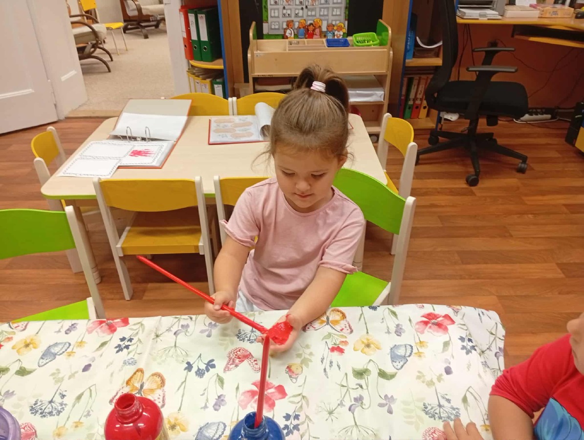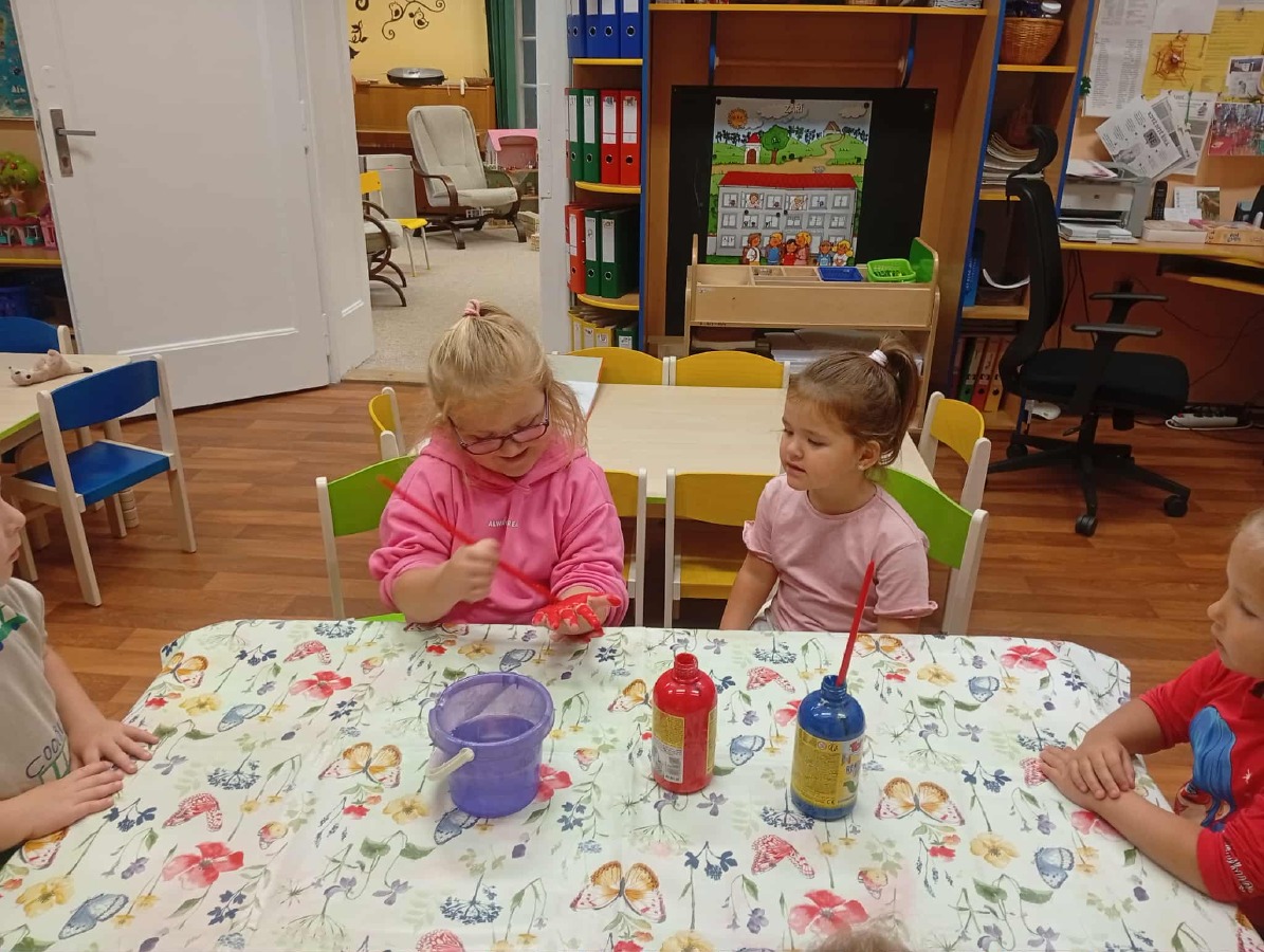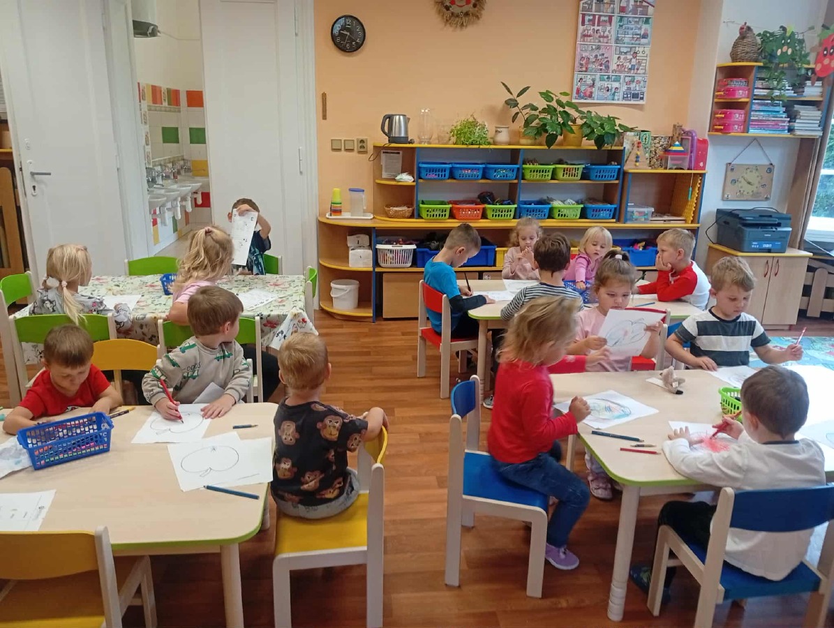 Otisk dlaně do portfolia, vykreslujeme jablíčka. Pracovní listy pro předškoláky - počítáme kamarády a vybarvujeme obrázky podle daného čísla. Sebehodnocení.
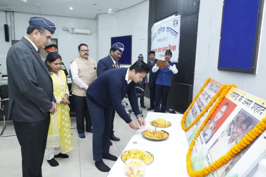 रायगढ़, 7 दिसम्बर 2025/ मातृभूमि की सुरक्षा में अपने प्राणों की आहुति देने वाले वीर शहीदों की स्मृति में तथा सेवारत और भूतपूर्व सैनिकों के सम्मान में आज जिले में सशस्त्र सेना झंडा दिवस गरिमामय वातावरण में मनाया गया। कलेक्टोरेट परिसर स्थित सृजन सभा कक्ष में आयोजित कार्यक्रम की अध्यक्षता एडीएम श्री अपूर्व टोप्पो ने की। कार्यक्रम का शुभारंभ छत्तीसगढ़ के अमर शहीदों के चित्र पर पुष्पांजलि अर्पित कर किया गया। एडीएम श्री अपूर्व प्रियेश टोप्पो ने सैनिकों के अद्वितीय योगदान और उनके महत्व पर प्रकाश डालते हुए कहा कि सेना परिवार से जुड़ाव गर्व का विषय है। उन्होंने सैनिकों के सर्वांगीण सहयोग का आश्वासन देते हुए नागरिकों से उनका सम्मान बनाए रखने का आग्रह किया।
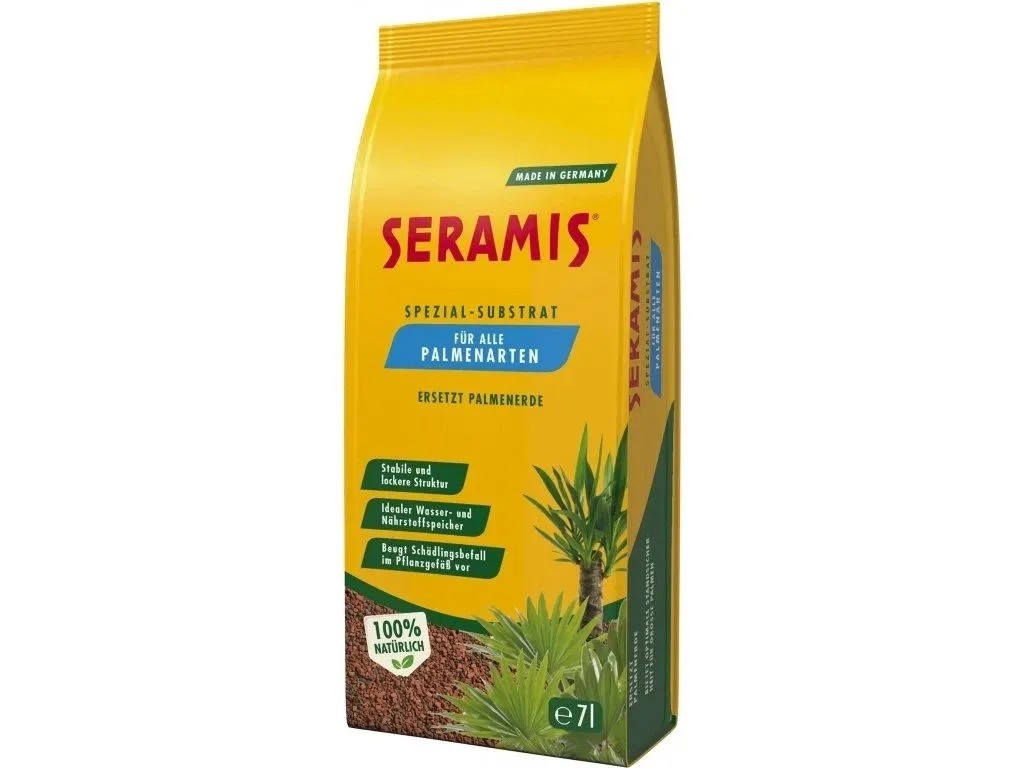 SERAMIS substrát pre palmy predstavuje perfektnú a čistú alternatívu ku klasickým substrátom. Expandovaný granulát z westerwaldského ílu disponuje vysokou absorpčnou schopnosťou a slúži ako ideálny zásobník vody a živín a súčasne zabraňuje premokreniu. Cyprá, vzdušná a stabilná štruktúra substrátu zaisťuje optimálne prevzdušnenie koreňov a bezpečnú oporu vysokých paliem.
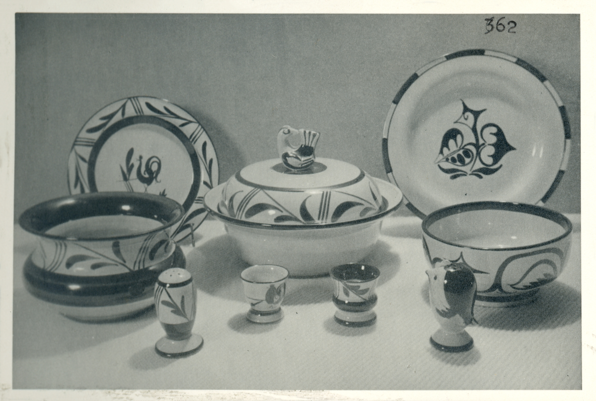 Påskservis i gulglasyr med inslag av växter och tuppar från Bo Fajans, formgivare Allan Ebeling, tidigt 1900-tal.

——————

All lines from the line containing "SERAMIS substrát pre" through the end of the listing above are to be given again exactly; pictures are not part of the copy.

 SERAMIS substrát pre palmy predstavuje perfektnú a čistú alternatívu ku klasickým substrátom. Expandovaný granulát z westerwaldského ílu disponuje vysokou absorpčnou schopnosťou a slúži ako ideálny zásobník vody a živín a súčasne zabraňuje premokreniu. Cyprá, vzdušná a stabilná štruktúra substrátu zaisťuje optimálne prevzdušnenie koreňov a bezpečnú oporu vysokých paliem.
 Påskservis i gulglasyr med inslag av växter och tuppar från Bo Fajans, formgivare Allan Ebeling, tidigt 1900-tal.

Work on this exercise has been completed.